At a glance
In 2017, Oxford Dictionaries named “youthquake” as the word of the year.
“Youthquake is defined as a significant social, cultural, political, or technological change associated with youth,” says futurologist Rocky Scopelitti, author of Youthquake 4.0.
Commentators used the term to describe the generational change that saw large numbers of young people vote for opposition parties in the United Kingdom and New Zealand general elections in 2017.
However, youthquake is not a new word – Vogue editor Diana Vreeland coined the word in the 1960s to describe the rise of youth culture. “
We have been through a youthquake before,” says Scopelitti.
When the Oxford Dictionaries described the ascent of the millennials as a “youthquake”, Scopelitti looked to history for answers – and clues about what might come next.
He says that the 1960s was a disruptive period, but also one of opportunity.
“We saw the rise, for example, of consumer credit. We saw the rise of desires for home ownership, ownership of white goods, [we saw] the structure of work change – the whole family structure changed.”
With the benefit of hindsight, he says, we can see that “when we have significant social, cultural, political change, there will be significant opportunities on the back of that [change]”.
As we enter the fourth industrial revolution, Scopelitti says history shows “it’s important for us not be fearful of technological change, but to look at the opportunities that will come”.
Demographics meet technological change
Scopelitti’s research examines the convergence of two significant forces: demographic and technological change.

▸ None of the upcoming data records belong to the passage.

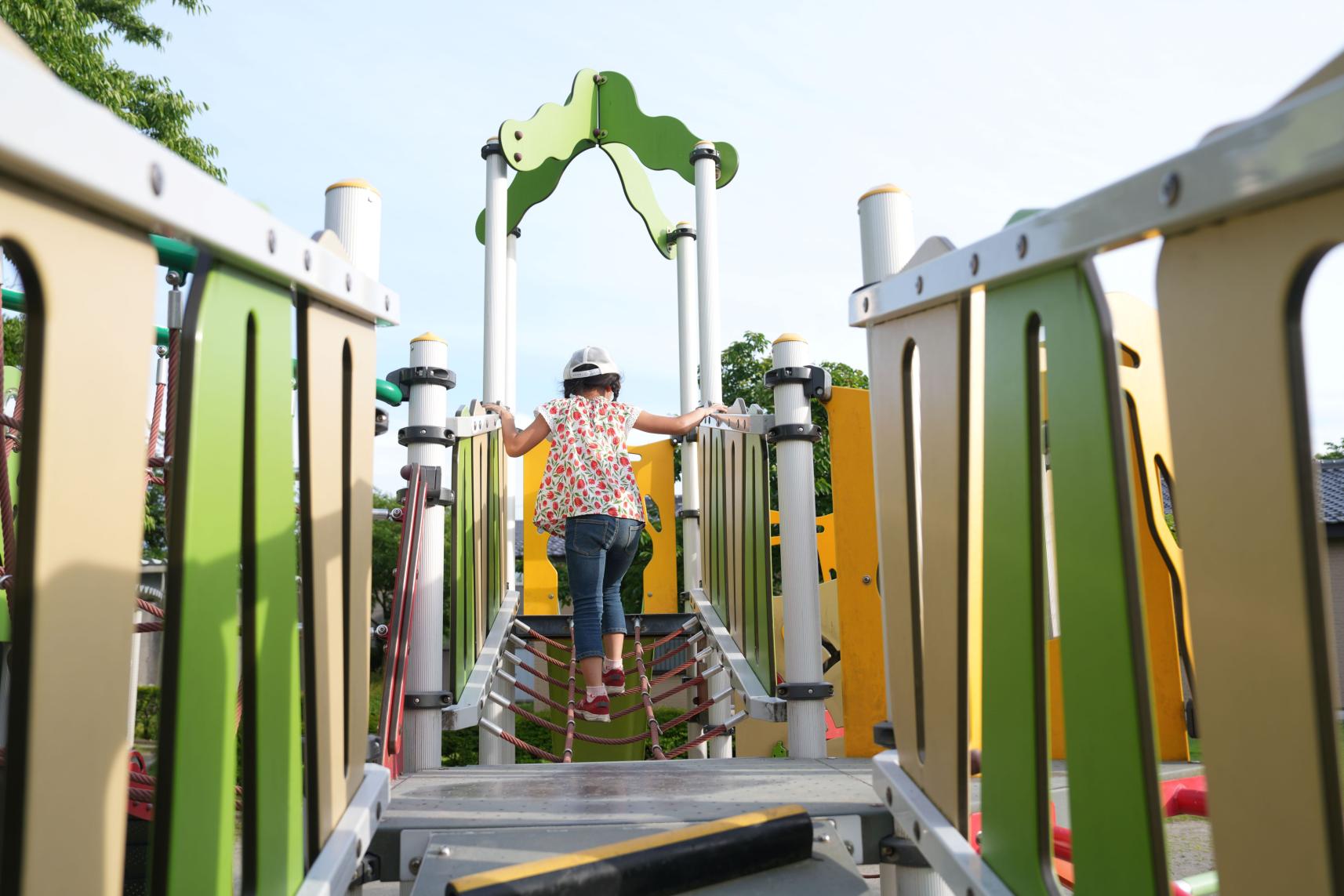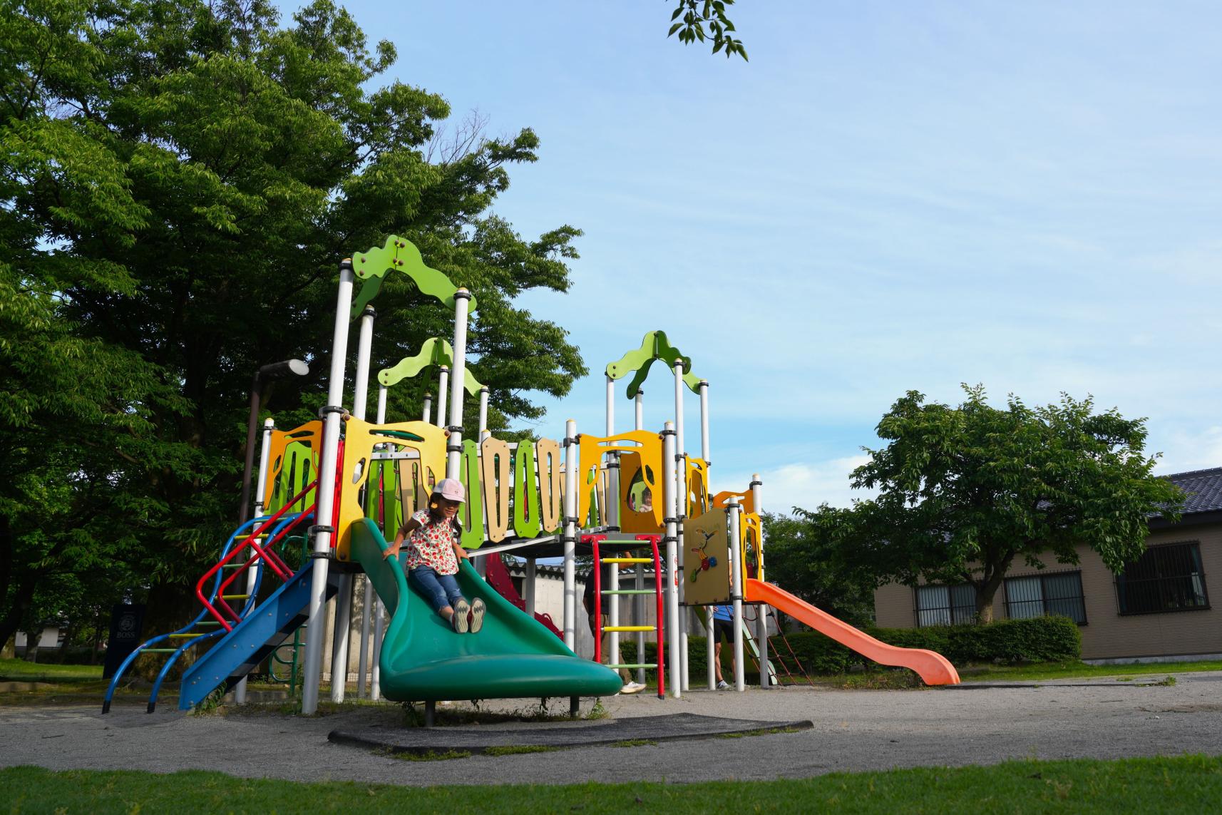 よちよち歩きの幼児でも安心して遊べる小さめの滑り台や砂場、カラフルなアスレチック遊具には、複数の滑り台も!子供たちが楽しめる公園です。ぜひ、ご家族連れで訪れてみてください。
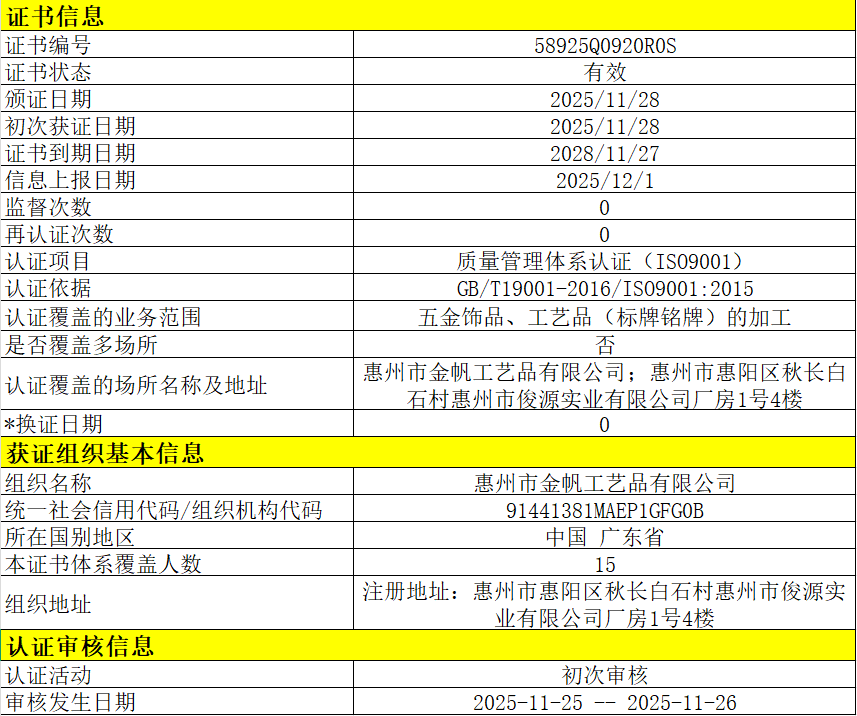 惠州市金帆工藝品有限公司 58925Q0920R0S
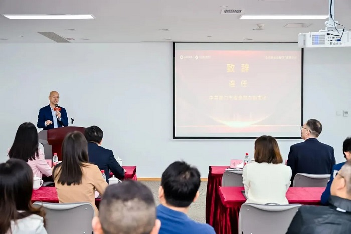 厦门市委金融办副主任连任,思明区政府党组成员连友仁,金圆集团党委委员、副董事长张永欢,思明区财政局副局长张晓晨共同为“金圆基金集聚区”揭牌。
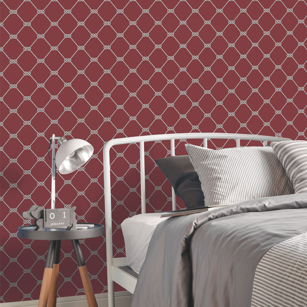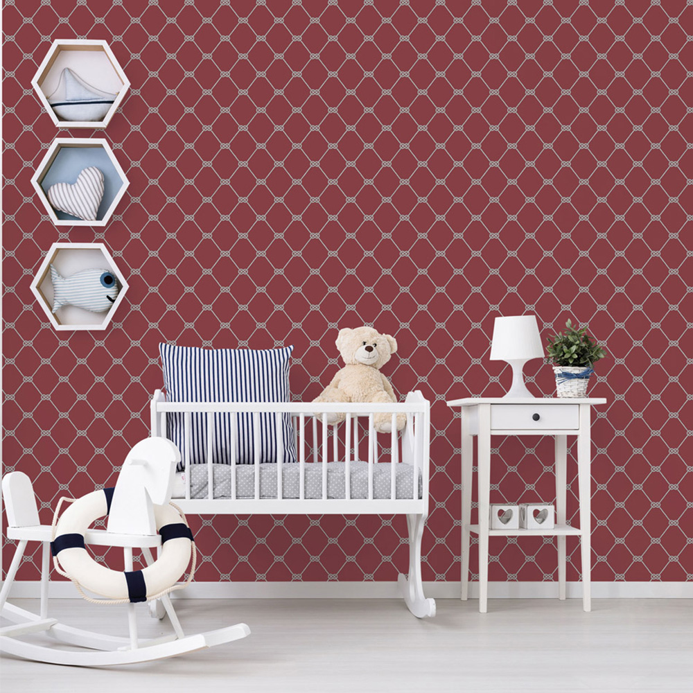 Update your walls with the nautical-themed Galerie Deauville 2 Geometric Red and White Wallpaper. This stylish wallpaper features a geometric design of sailing knots in a red and white colourway. Perfect for adding a nautical touch to any room, it's washable and wet removable for easy maintenance. A paste-the-wall application ensures a straightforward installation.
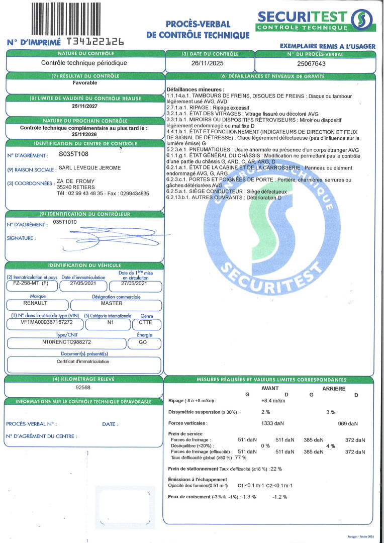 VENDU SUR DESIGNATION - VISIBLE A L'ETUDE DE NANTES - A ENLEVER AVANT LE 22 12 2025 BVM6- CLIM- RADIO- GPS- VITRES ET RETROS ELECT- REGULATEUR DE VITESSES- CAMERA DE RECUL- CAISSE BOIS AVEC RGT- ATTELAGE REMORQUE- PUB ADH. SIEGES EN TISSU TACHES- SIEGE CONDUCTEUR DECHIRE- PLASTIQUES RAYES ET TACHES. IMPACT SUR LA VITRE AV- ENFONCEMENT AILE AVG, HAUT COTE G ET PORTE LAT D- RAYURES D'USAGE. DEFAILLANCES MINEURES: DISQUES OU TAMBOURS DE FREINS AVG ET AVD LEGEREMENT USES- RIPAGE EXCESSIF- VITRE AV FISSUREE- MIROIR D ENDOMMAGE- GLACE DU CLIGNOTANT G DEFECTUEUSE- CARROSSERIE AVG, G ET ARG ENDOMMAGEE- SIEGE CONDUCTEUR DEFECTUEUX- DETERIORATION OUVRANT D. FRAIS VOLONTAIRES 18 % HT

For the first time in human history, “youth have become the largest demographic on the planet,” he says. Today, more than ever, “youth voice matters”.

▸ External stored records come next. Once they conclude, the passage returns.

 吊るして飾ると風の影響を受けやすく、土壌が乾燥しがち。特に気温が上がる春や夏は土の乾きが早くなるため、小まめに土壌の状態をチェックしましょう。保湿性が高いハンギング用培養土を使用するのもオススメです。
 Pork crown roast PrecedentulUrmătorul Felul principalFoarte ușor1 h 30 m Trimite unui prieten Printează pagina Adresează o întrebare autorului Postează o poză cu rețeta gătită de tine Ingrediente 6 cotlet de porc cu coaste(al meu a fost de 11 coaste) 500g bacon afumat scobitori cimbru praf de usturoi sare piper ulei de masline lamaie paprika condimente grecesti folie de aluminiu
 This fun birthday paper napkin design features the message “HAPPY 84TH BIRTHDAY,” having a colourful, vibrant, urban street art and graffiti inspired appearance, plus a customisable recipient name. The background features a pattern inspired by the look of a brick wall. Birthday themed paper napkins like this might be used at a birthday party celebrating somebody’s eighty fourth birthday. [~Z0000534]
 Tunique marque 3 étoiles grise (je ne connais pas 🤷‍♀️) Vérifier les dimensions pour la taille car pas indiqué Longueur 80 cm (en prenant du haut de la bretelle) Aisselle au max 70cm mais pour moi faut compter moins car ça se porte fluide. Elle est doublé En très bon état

What makes young people such a potent force for change?
Young people today comprise the world’s second digital-first generation, says Scopelitti.

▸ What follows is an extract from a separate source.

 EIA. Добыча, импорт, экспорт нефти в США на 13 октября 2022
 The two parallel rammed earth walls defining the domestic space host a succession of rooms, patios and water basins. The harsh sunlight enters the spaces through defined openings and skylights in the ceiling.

“They’ve grown up in a world where the world is their community, and they’ve been equipped with technologies to give them a global voice … [Their] influence can be felt in all parts of the world, whether that’s for a political cause, for example, around climate change or the boycott of a brand.
“They have a voice that’s real-time, and they are able to exert their influence, whether that’s socially [or] commercially … at a global scale.”
Scopelitti believes it is critical to ascertain how this demographic might shape the world over the coming decade – and how to make the most of their collective strengths.
“They’ve grown up in a world that has experienced more change than any other demographic that came before them. Change to them is as natural as the air they breathe,” he says.
In a world of rapid change, he says youth and their adaptability should be a source of optimism – and an asset. “The question is, how can we re-skill them into areas where we have significant gaps?”
New research from RMIT Online and Deloitte Access Economics reveals that Australia needs an extra 156,000 workers with technological skills.
Failure to address this skills shortage could cost the economy A$10 billion in lost growth. To address this skills shortfall, we need to think very differently about workplace learning, says Scopelitti.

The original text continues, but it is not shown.